Der 8. Mai ist daher für uns auch ein Tag des Widerstandes: Widerstand gegen eine Politik, die das Kapitel "Faschismus" schon immer zu den Akten legen wollte und gerade dadurch eine weitere Rechtsentwicklung in der Gesellschaft ermöglichte und ermöglicht. Eine Politik, die heute die letzten Lehren, die aus dem Faschismus gezogen wurden, systematisch auslöschen will. Somit stellen wir uns bewusst in die Tradition des antifaschistischen Widerstands gegen den Nationalsozialismus, den Nationalismus und faschistischen Aktivitäten zahlreicher Gruppen, Organisationen und Parteien, wie z.B. die NPD, Pro NRW, Nationale Sozialisten... ohne die heutige Situation mit der von damals gleichsetzen zu wollen. Antifaschisten/innen sind Vorbilder für Demokratie, Freiheit, Recht und Frieden!
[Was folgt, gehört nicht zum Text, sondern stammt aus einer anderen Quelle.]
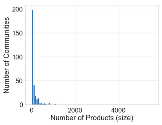 There is a community with 5543 products, another with 4683, and the following largest six communities contain between 1000 and 2000 products. We use the community size histogram to determine the cutoff thresholds for level labels; small, medium, large (Figure 6). Table 3 is a list of the cutoff points determined by examining their distributions.

Die Charakterstärke dieser Menschen macht uns Mut, auch heute konsequent gegen Faschismus und Krieg für eine Welt des Friedens und der Freiheit zu kämpfen. Die Vernichtung des Nazismus mit allen seinen Wurzeln das ist auch unsere Losung.

Wir wollen zeigen, dass alle, die es ernst meinen mit dem Schwur "Nie wieder Faschismus! Nie wieder Krieg!" Konsequenzen daraus ziehen müssen - auch und gerade heute. Wir rufen alle Menschen im Ennepe-Ruhr-Kreises auf, sich an den Veranstaltungen zum 8. Mai 2011 zu beteiligen, dem antifaschistischen Widerstand zu gedenken und mit uns nach neuen Perspektiven für eine demokratische und soziale Gesellschaft zu suchen.

Hierzu ist es notwenig antifaschistische Bündnisse zu schmieden, aus der Geschichte die richtigen Lehren für heute zu ziehen und diese in politische Forderungen und Taten umzusetzen. Der Widerstand gegen den Nationalismus muss organisiert werden!

Antifaschismus ist auch Internationalismus, Völkerfreundschaft und Internationale Solidarität!